How to manage your anxiety when pregnant after a loss:
“I often prefer when women work during pregnancy because I find it helps keep them busy and occupied and it’s a good distraction from the daily worries,” says Bev. (This, of course, will depend on your health status and your doctor’s instructions—not everyone is able to continue to work.) “I think work can be a great way to get through the waiting period and to keep your mind busy while you’re waiting for ultrasounds or milestones in the pregnancy.”
Make time for self care
“If you’re feeling anxious, there are some great apps out there that help with mindfulness,” says Bev. “If that’s not for you, managing self care could be speaking to someone you love and trust so you don’t feel so isolated.” Talking about your fears or negative thoughts about your pregnancy (with a trusted and non-judgemental loved one) can help with processing those emotions and being in a positive social environment can help with distraction.

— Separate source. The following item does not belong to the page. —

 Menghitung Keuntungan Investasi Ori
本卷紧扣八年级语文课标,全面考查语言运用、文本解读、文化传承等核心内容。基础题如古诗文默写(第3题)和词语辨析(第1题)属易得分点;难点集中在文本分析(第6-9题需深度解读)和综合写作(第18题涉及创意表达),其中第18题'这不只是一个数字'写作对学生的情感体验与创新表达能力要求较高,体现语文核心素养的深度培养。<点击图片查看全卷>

Allow yourself to live in the moment—and think ahead
While it’s important to process your grief following a loss (more on that here), allowing yourself to live in the moment of this pregnancy will help you connect with your baby. Be an active participant in those ultrasound appointments and feel those kicks (and share them with your partner if you have one). And, dream a little about the future: making plans for the baby can make a big difference in your experience of pregnancy.

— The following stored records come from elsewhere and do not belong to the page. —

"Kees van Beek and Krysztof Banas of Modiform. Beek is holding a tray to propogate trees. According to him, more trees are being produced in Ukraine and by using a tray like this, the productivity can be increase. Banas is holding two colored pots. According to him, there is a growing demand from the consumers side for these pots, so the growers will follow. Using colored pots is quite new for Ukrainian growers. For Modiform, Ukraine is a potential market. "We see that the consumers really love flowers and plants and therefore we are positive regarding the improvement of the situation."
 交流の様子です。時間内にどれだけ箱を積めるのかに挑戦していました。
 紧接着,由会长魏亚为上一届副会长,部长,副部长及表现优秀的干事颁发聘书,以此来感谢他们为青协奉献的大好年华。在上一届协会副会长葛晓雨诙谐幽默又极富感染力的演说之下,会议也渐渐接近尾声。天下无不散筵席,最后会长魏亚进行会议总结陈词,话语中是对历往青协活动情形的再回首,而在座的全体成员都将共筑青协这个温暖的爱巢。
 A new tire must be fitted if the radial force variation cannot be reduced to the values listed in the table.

Turn to a medical professional
Getting some reassurance from an expert can make a big difference in how you’re experiencing your pregnancy. “It's really important to have a professional you can turn to, even if it means going in to see the nurse who's following you in the clinic to maybe check the baby's heartbeat or to get an ultrasound if necessary. You don't even really need to see the gynecologist—you just need to see someone, even if it's just for anxiety reasons.”

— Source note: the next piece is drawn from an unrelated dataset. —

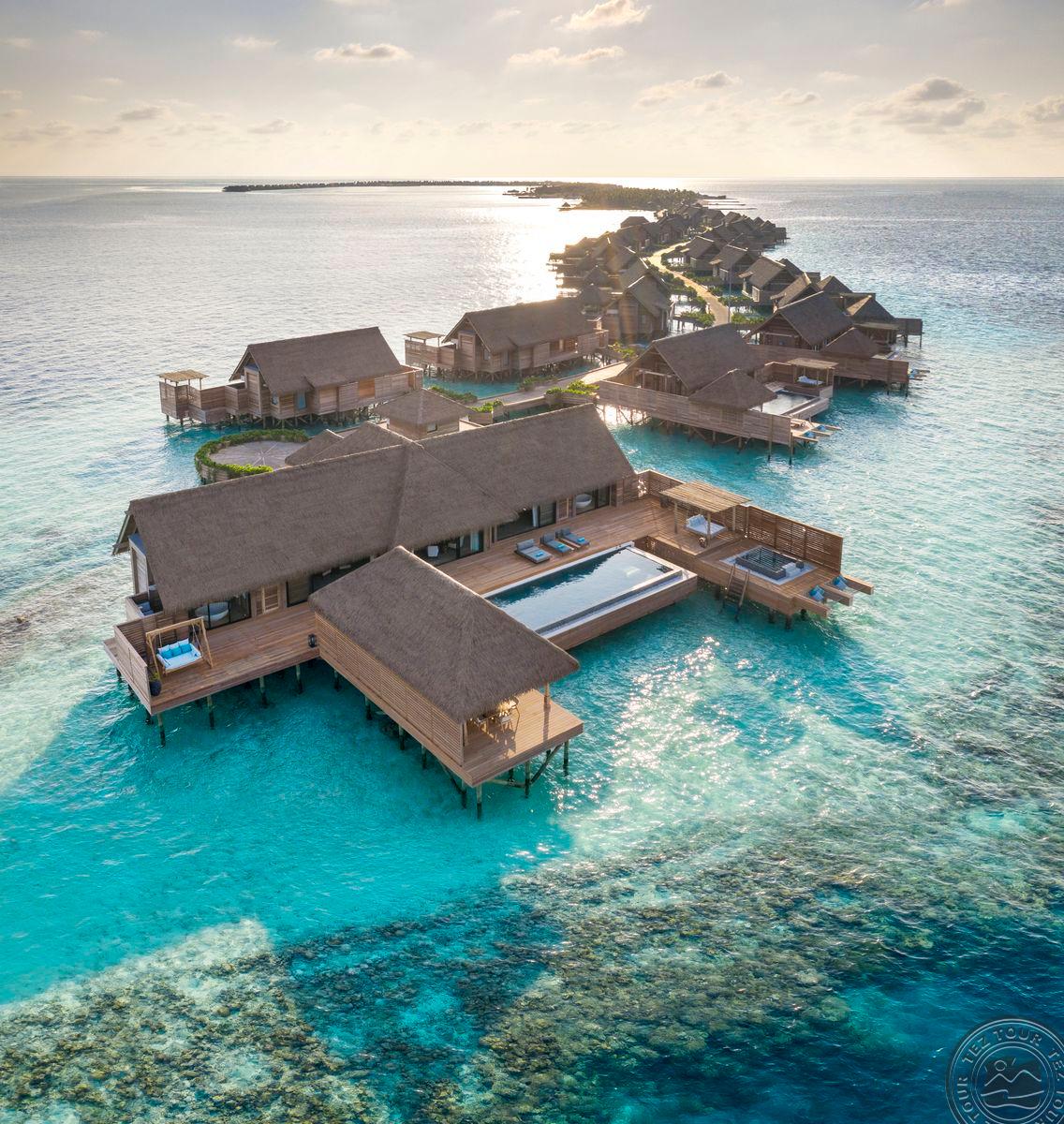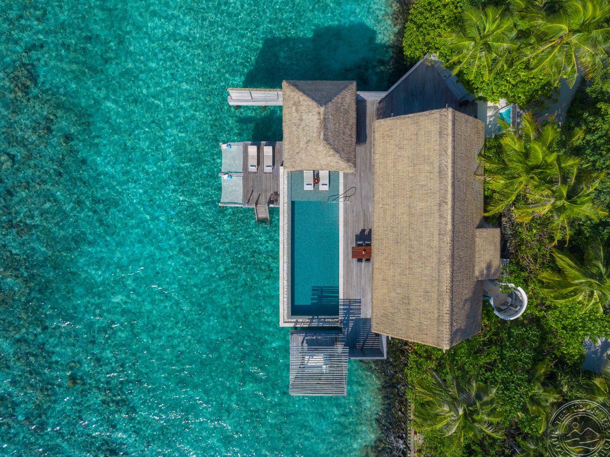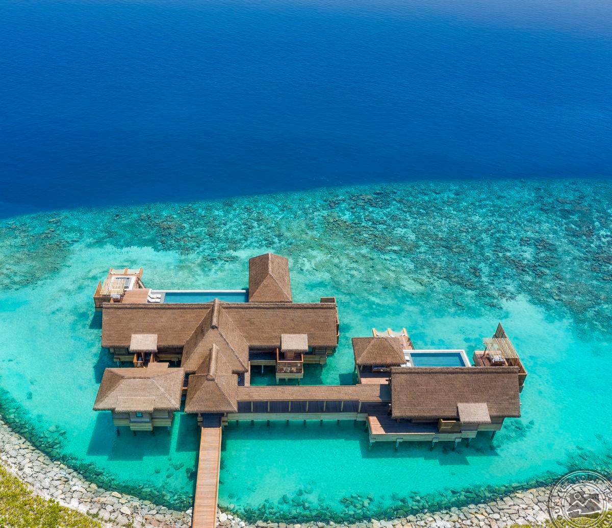 2 виллы 2 Bedroom Reef Villa with Pool (601 м2; макс. 5 или 4+2 чел.). Расположены частично на воде, частично на берегу. Две отдельные спальни (одна с кроватью king-size/ другая, с раздельными twin, расположена отдельно от главной), гостиная, ванная комната. Двухуровневая терраса с частным бассейном (15 х 4 м), джакузи, обеденный павильон, диван-качели, надводный гамак, прямой спуск в воду.

Turn to a mental health professional
“If you find there’s sadness, grief and anxiety that’s unrelenting, and that is leading to obsessive worries or panic attacks, those are times you might need to seek more professional help,” says Bev. You can always start with your primary care physician or your therapist if you have one, but there are also specialists that can address your specific concerns relating to miscarriage and pregnancy. “I also want to stress that medications—in particular antidepressants—are generally considered safe in pregnancy and they can be very, very helpful,” says Bev. Make sure to talk to your doctor about mental health medications, especially if you were taking them prior to pregnancy. “If it’s something that can be considered, it can make a big difference in terms of mental health during pregnancy and also postpartum.”